[Items from a data source]
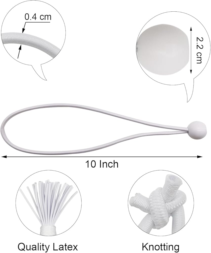 اللاتكس الطبيعي: حبال البنجي الصغيرة ذات الكرات مصنوعة من مواد اللاتكس عالية الجودة ، يمكن استخدام حبال Ball Bungee لفترة طويلة في الهواء الطلق والداخلية. مقاوم للشمس ، مقاوم للماء وملفه الصلب. يمكن تمديد كرات البنجي المرنة لمضاعفة الطول.
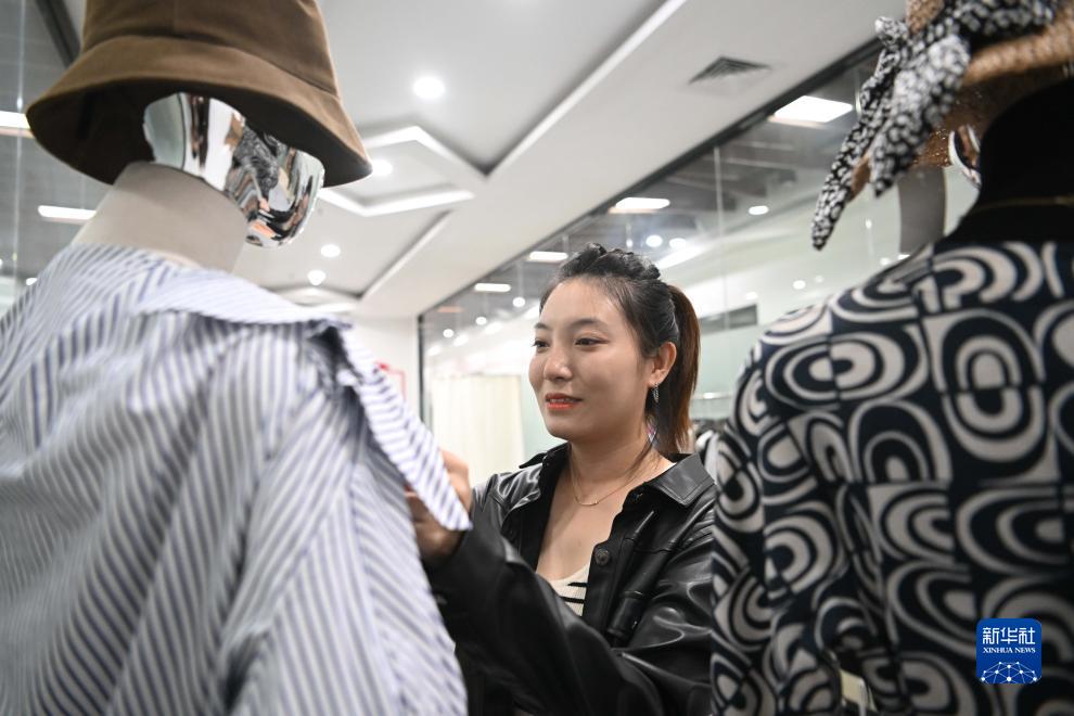 10月8日,石家莊新華區筑盈創(chuàng )業(yè)孵化基地一家服飾企業(yè)的員工在整理服裝。
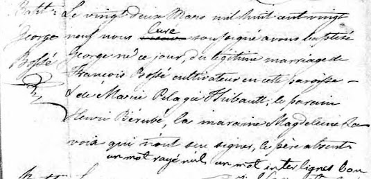 Mariage entre Jean-Baptiste Bossé I & Madeleine Pelletier,
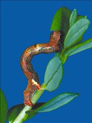 Adulte : chez la femelle, l'envergure des ailes est de 18,0 à 21,0 mm; les ailes antérieures sont beiges avec quelques taches brunes au niveau de la marge antérieure; les ailes postérieures sont blanchâtres; chez le mâle, l'envergure des ailes est de 25,0 à 27,0 mm; elles sont immaculées, gris ardoise, et la marge des ailes antérieures présente une bande foncée. L'arpenteuse noire est une espèce très vorace qui s'attaque principalement aux bourgeons des plants de canneberge au printemps. Des sections entières de champs peuvent être partiellement défoliées par ce ravageur. Au moment de la floraison, on peut observer l'apparition de zones plus foncées à cause d'un manque de feuillage. L'arpenteuse noire produit une génération par année ...
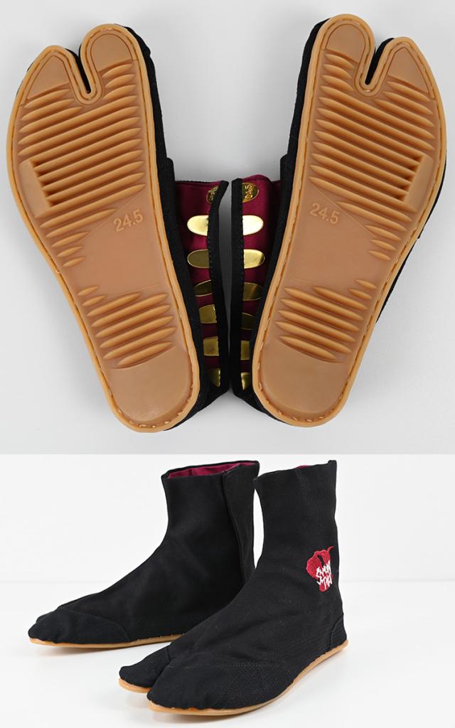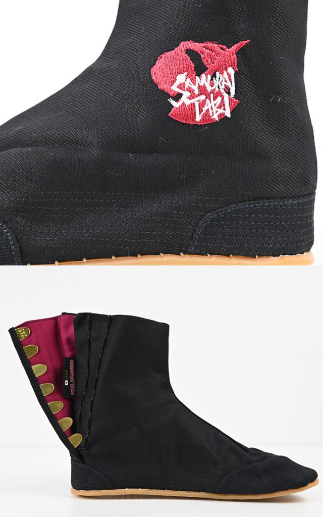 地下足袋 シューズ スニーカー かっこいい SAMURAI刺繍地下足袋 武将 行田足袋 黒赤 魂を込めた職人の手作り品
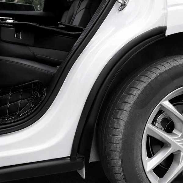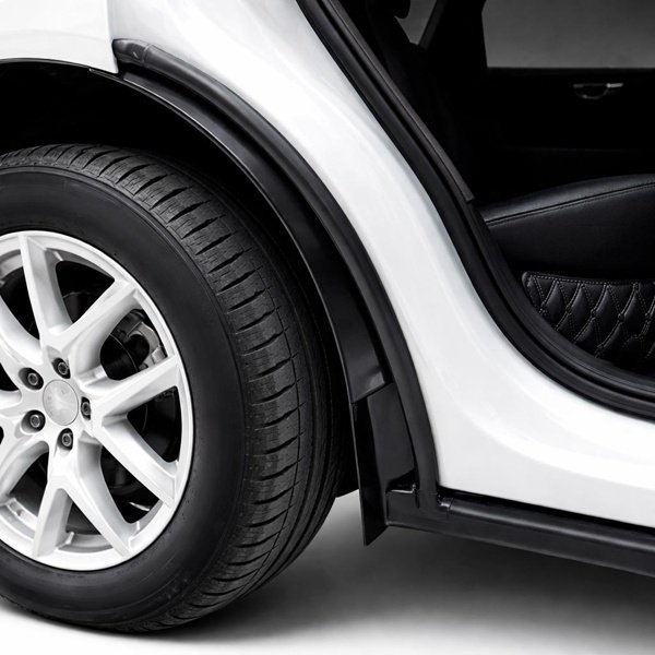 Dessa smutsskydd monteras i framkanten av bakre hjulhuset och fungerar som en barriär som bryter luftflödet från bakhjulet. På så sätt hindras smuts från att nå dörröppningen och insidan av bakdörrarna.

Action item: Reproduce every record verbatim, please. Omit the images.

Answer for this exercise:
 اللاتكس الطبيعي: حبال البنجي الصغيرة ذات الكرات مصنوعة من مواد اللاتكس عالية الجودة ، يمكن استخدام حبال Ball Bungee لفترة طويلة في الهواء الطلق والداخلية. مقاوم للشمس ، مقاوم للماء وملفه الصلب. يمكن تمديد كرات البنجي المرنة لمضاعفة الطول.
 10月8日,石家莊新華區筑盈創(chuàng )業(yè)孵化基地一家服飾企業(yè)的員工在整理服裝。
 Mariage entre Jean-Baptiste Bossé I & Madeleine Pelletier,
 Adulte : chez la femelle, l'envergure des ailes est de 18,0 à 21,0 mm; les ailes antérieures sont beiges avec quelques taches brunes au niveau de la marge antérieure; les ailes postérieures sont blanchâtres; chez le mâle, l'envergure des ailes est de 25,0 à 27,0 mm; elles sont immaculées, gris ardoise, et la marge des ailes antérieures présente une bande foncée. L'arpenteuse noire est une espèce très vorace qui s'attaque principalement aux bourgeons des plants de canneberge au printemps. Des sections entières de champs peuvent être partiellement défoliées par ce ravageur. Au moment de la floraison, on peut observer l'apparition de zones plus foncées à cause d'un manque de feuillage. L'arpenteuse noire produit une génération par année ...
 地下足袋 シューズ スニーカー かっこいい SAMURAI刺繍地下足袋 武将 行田足袋 黒赤 魂を込めた職人の手作り品
 Dessa smutsskydd monteras i framkanten av bakre hjulhuset och fungerar som en barriär som bryter luftflödet från bakhjulet. På så sätt hindras smuts från att nå dörröppningen och insidan av bakdörrarna.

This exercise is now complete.